It wasn't in a previous lifetime, because I haven't had any of those, but it seems a long time ago, nonetheless, that I studied and graduated from a theological seminary. (I had been nudged, ever-so-persistently in that direction, and I did not understand myself very well.)
I recall the time when I discovered that one of the other students wanted to become a missionary to a foreign country: somewhere like Ghana, or Uzbekistan, or South Carolina. "Why?", some of us asked, curious. His answer was plain: he thought it was easier for people in less-developed cultures to believe what the Bible had to tell.

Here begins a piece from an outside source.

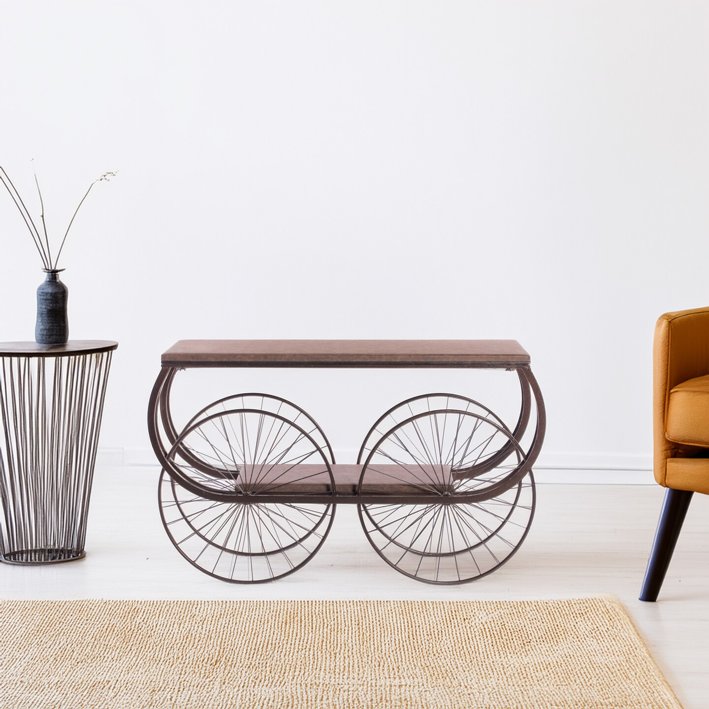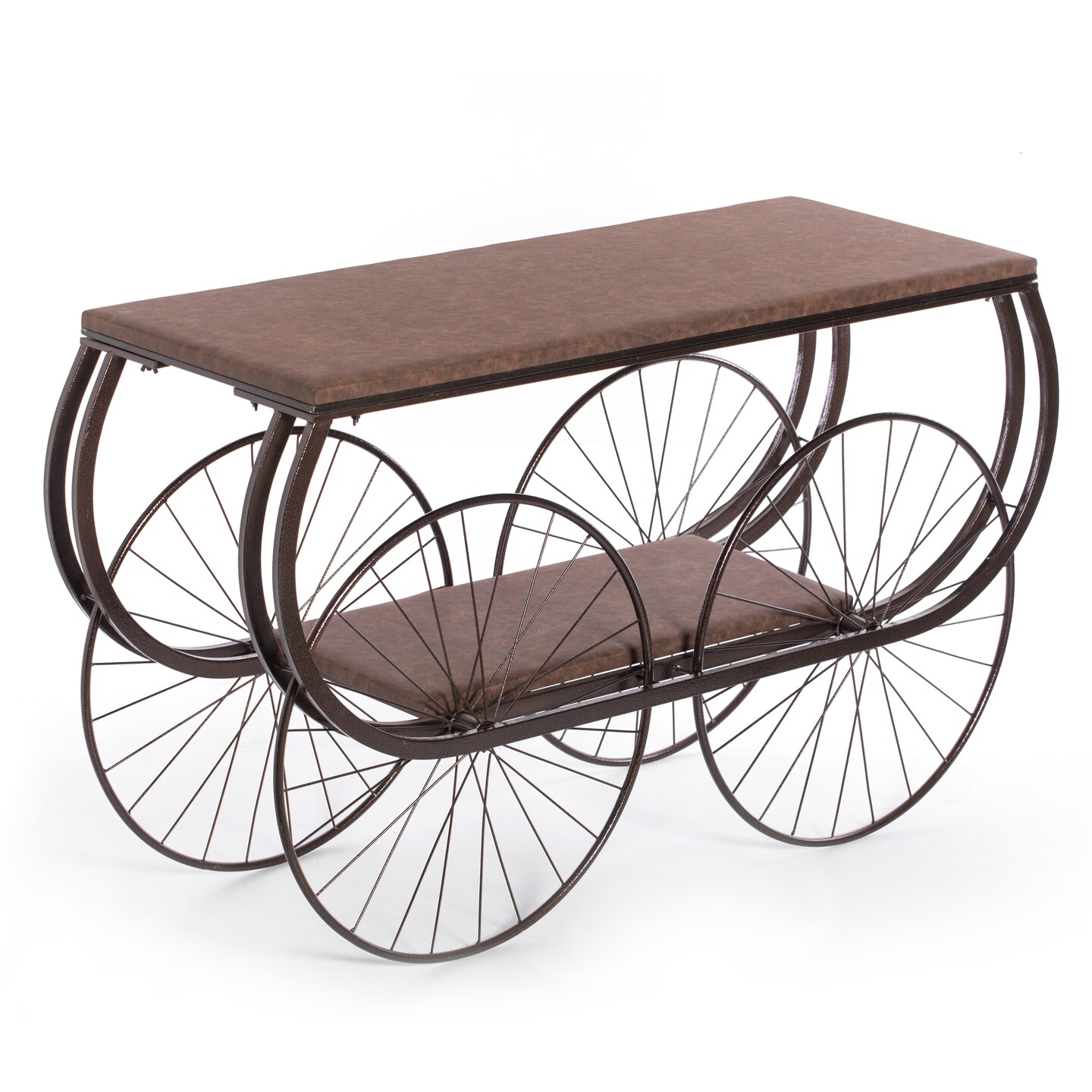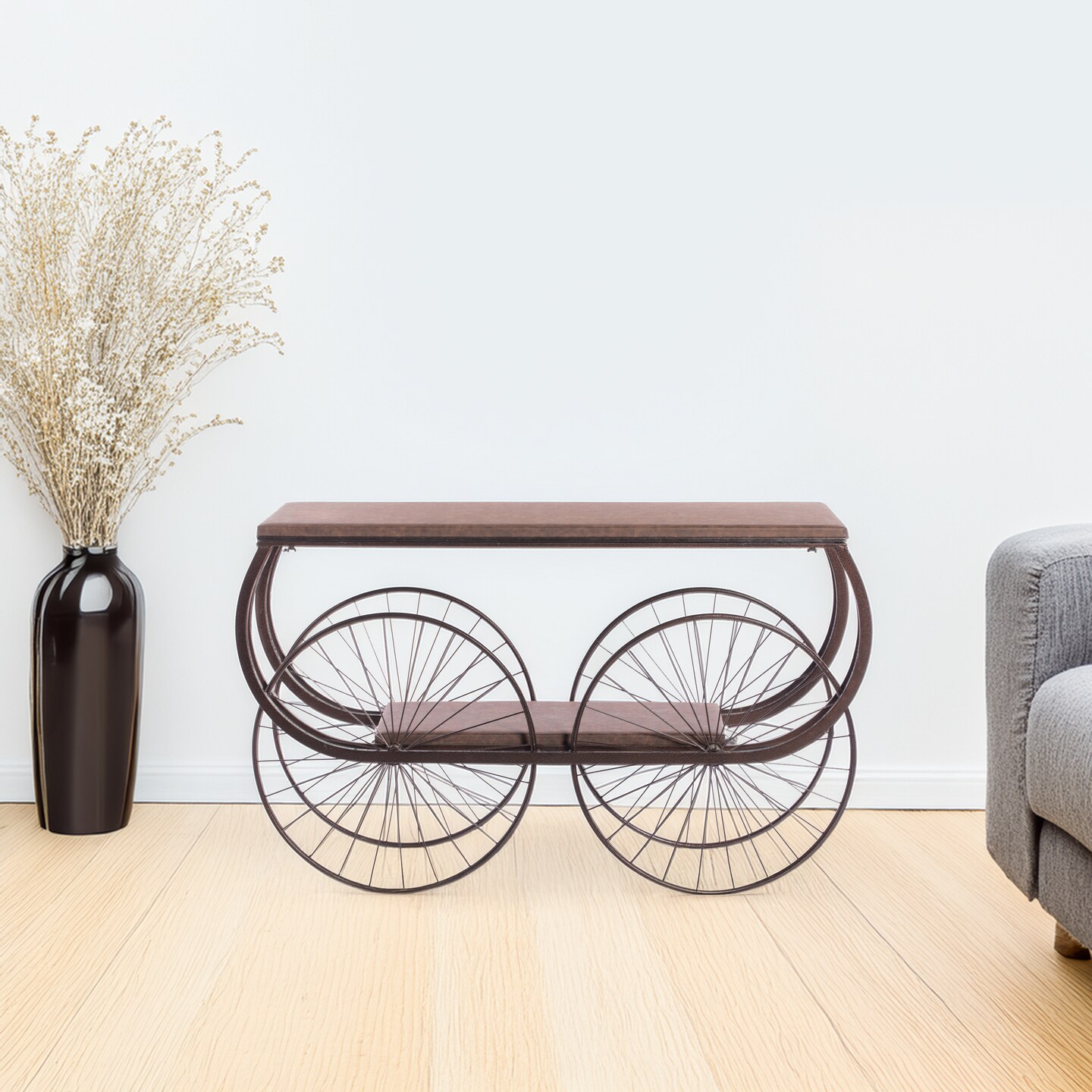 Vintiquewise Industrial Wagon Style Console Table Rustic Wood Top Large Spoke Metal Wheels & Lower Storage Shelf Vintage Accent Display Table for Hallway Entryway Dining Room Living Room or Home Bar

It was easier for them to believe that water could be changed into wine, or for people to rise from the dead, or to believe that heaven was overhead and hell underfoot, than it was for people like us.
Pat Robertson agrees with him, as it turns out. Mr. Robertson, as you know, has wanted to become President of the United States, and thinks that prayer can stop hurricanes and cure mange. Something like that. He was asked why miracles --things like people being raised from the dead, blind people seeing again, and the lame walking--seem to happen overseas, but not here in the good, old U.S. of A. The Reverend Mr. Robertson said he thought the teaching of evolution might be to blame:
"Those people [overseas] didn't go to Ivy League schools. We're so sophisticated. We think we'be got everything figured out. We know about all those things that says God isn't real."
Overseas, he went on to explain, people are so humble and simple. "You tell them God loves them, and they say, 'OK, he loves me.' You say, 'God'll do miracles', and they say, 'OK, we believe him.' That's what God's looking for!"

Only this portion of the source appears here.